I am 11 when I learn I am good in a crisis, and that my mother is not.
While I am a prolific reader, I don’t actually yet know the phrase, “good in a crisis.” Nor have I ever heard of suicide.
But I know that something is terribly, terribly wrong when out of the blue my mother turns from rinsing vegetables at the kitchen sink, blurts out, “Jesus God!” and rushes for the stairs, leaving the faucet running. I sprint after her, up the hardwood stairs, turning left into their bedroom at the top, and follow her into their bathroom.
We find my father naked and pale, slumped in the bottom of the shower.

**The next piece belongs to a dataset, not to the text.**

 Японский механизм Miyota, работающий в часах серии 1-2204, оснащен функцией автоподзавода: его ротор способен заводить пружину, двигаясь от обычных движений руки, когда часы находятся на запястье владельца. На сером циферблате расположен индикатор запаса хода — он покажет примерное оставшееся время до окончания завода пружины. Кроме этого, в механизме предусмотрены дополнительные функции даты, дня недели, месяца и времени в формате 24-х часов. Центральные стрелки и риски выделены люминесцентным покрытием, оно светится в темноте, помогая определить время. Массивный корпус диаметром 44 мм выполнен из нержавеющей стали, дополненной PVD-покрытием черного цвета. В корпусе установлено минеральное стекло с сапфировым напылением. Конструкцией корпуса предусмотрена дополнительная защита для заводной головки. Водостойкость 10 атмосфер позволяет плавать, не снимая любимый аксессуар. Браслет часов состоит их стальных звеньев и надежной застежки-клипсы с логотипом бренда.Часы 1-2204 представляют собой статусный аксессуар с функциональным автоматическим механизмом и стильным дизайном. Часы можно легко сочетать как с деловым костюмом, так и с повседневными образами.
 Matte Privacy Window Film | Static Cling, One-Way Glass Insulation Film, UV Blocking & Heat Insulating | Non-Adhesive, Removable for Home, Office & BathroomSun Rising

I do not yet know what he has done - and even when later he tells me about his cuts, it will still be years before I actually understand - but I know this is an emergency.

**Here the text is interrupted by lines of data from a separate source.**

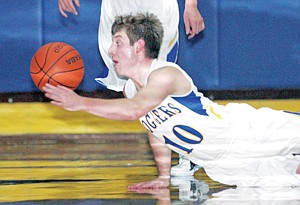 Senior guard Nick Alspaw takes control of a Thompson Falls turnover in second quarter action Friday.
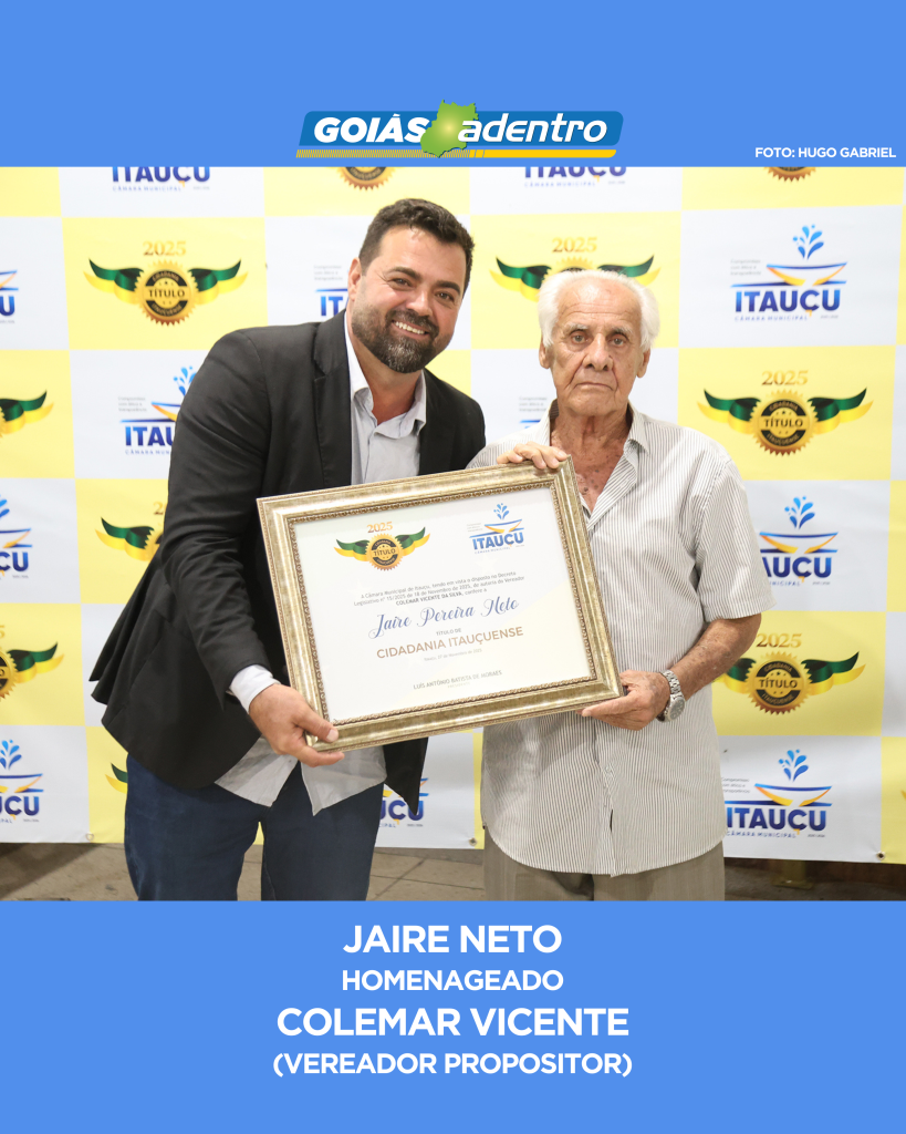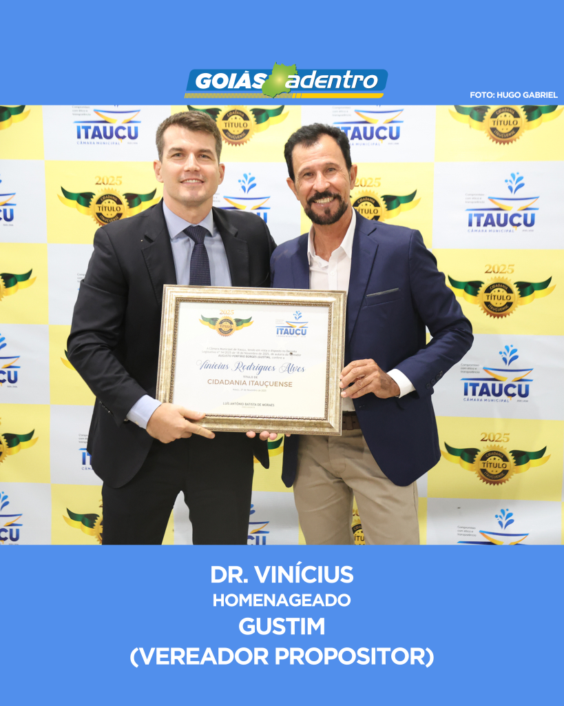 A Câmara Municipal de Itauçu concedeu título de cidadania para pessoas que contribuíram e ainda contribuem de forma efetiva com o desenvolvimento do município. A mais relevante honraria que o Legislativo concede a seus munícipes, que passam a ser formalmente reconhecidas como parte integrantes da comunidade, foi entregue em sessão solene realizada em 27 de novembro, no salão do Grêmio Recreativo Itauçuense – GREI.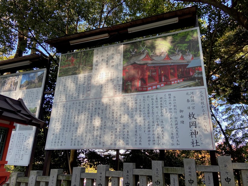 神社の入り口にある「縁起」を読むと、古代ヤマト朝が統一事業に取り掛かり、いくつかの大王の治世を経て奈良盆地に王都を打ち立てた時代の先駆けがこの神社であるようだ。やはり古き神社だけに謂れがある。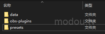 1、 下载文件后解压缩,将获得三个文件夹(data、obs-plugins,presets),复制这三个文件(data、obs-plugins,presets);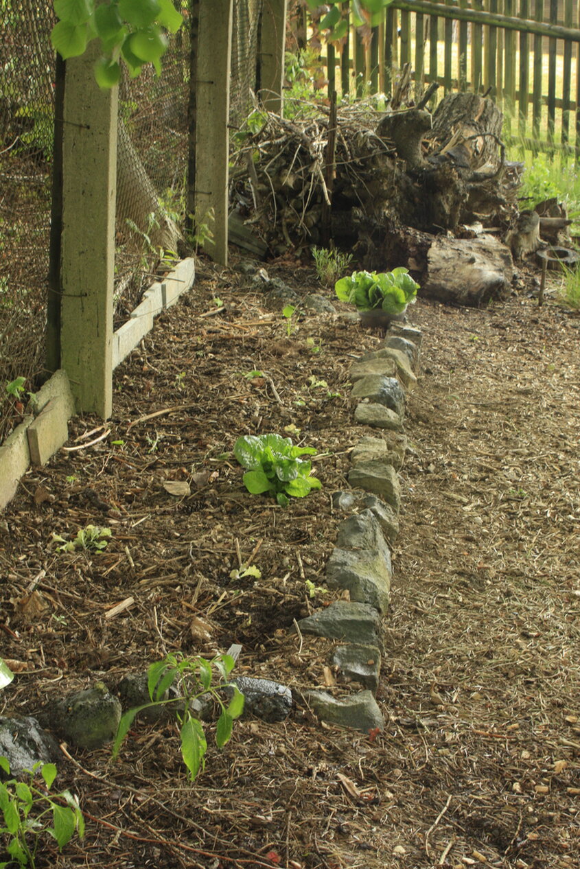 In die ehemalige Stelle der Totholzhecke zogen die Kürbisse ein, damit sie bewachsen ist, bis die Wacholder und Aussaaten soweit sind. Ich fand doch eine Hand voll Seifenkrautpflänzchen von Somnia.

My mother seems flustered, and so I say firmly, “Call 911!” We both run for the phone in the next room, and she dials.
It is an ugly damp winter morning. In my memory, it's December. It might be November, though. It is grey and cold and we have recently bought my Christmas dress - a rich green velvet. I remember my delight over the color and texture of the dress more vividly than I remember my terror over my father.

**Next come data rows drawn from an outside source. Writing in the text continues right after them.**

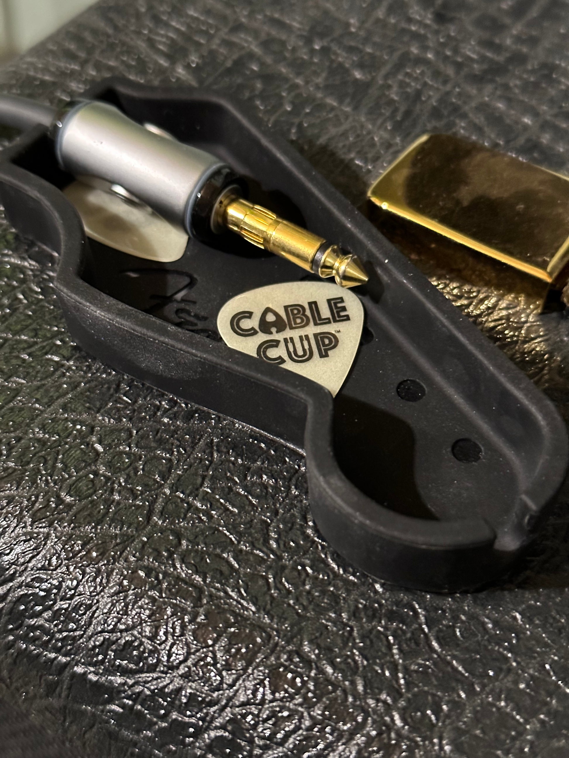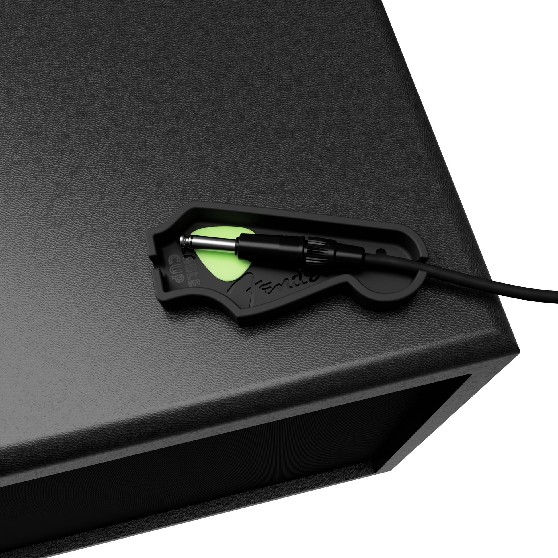 The CableCup Strat Headstock has the utility of holding your picks and cables, in that iconic Strat headstock shape that we all know and love.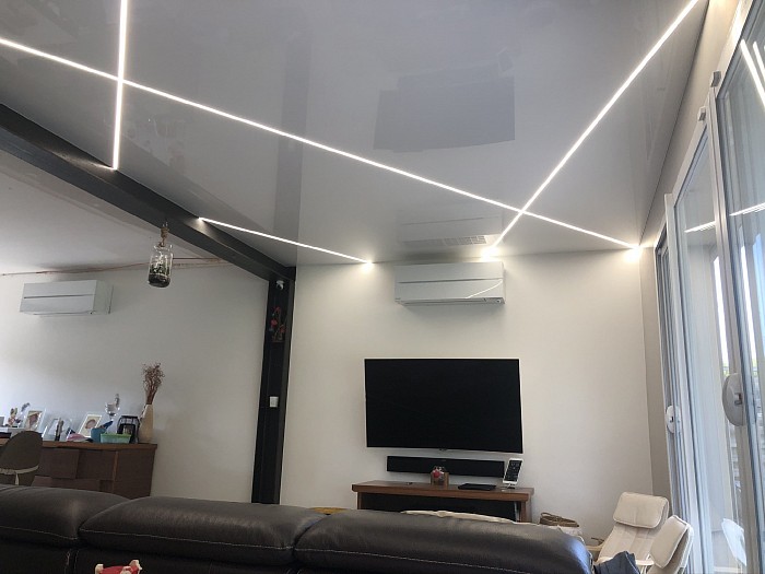 Plafond tendu blanc laqué avec bande led intégré pour un effet design original et moderne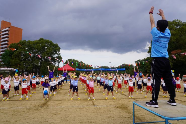 運動会。「ドタバッチョ」で楽しく体をほぐしました。

The ambulance arrives, and men rush in and upstairs. We stay in the living room while my mother figures out what to do with us. We've only been living in McLean for just over a year, so we don't know a lot of people.
In what always seems to be an impressively short amount of time they carry him out, covered. My mom follows them to the hospital.
She doesn't tell us anything. In retrospect, I know she doesn't know. You never know, until they get him to the hospital, until they see how much damage he's wrought.
My brother (who has either just turned eight, or is about to) and I spend the rest of the day with neighbors. They are kind, and we are scared and confused, and my main memory from the afternoon is of the heavy greyness hovering at the windows. And that we had baked pear for dessert.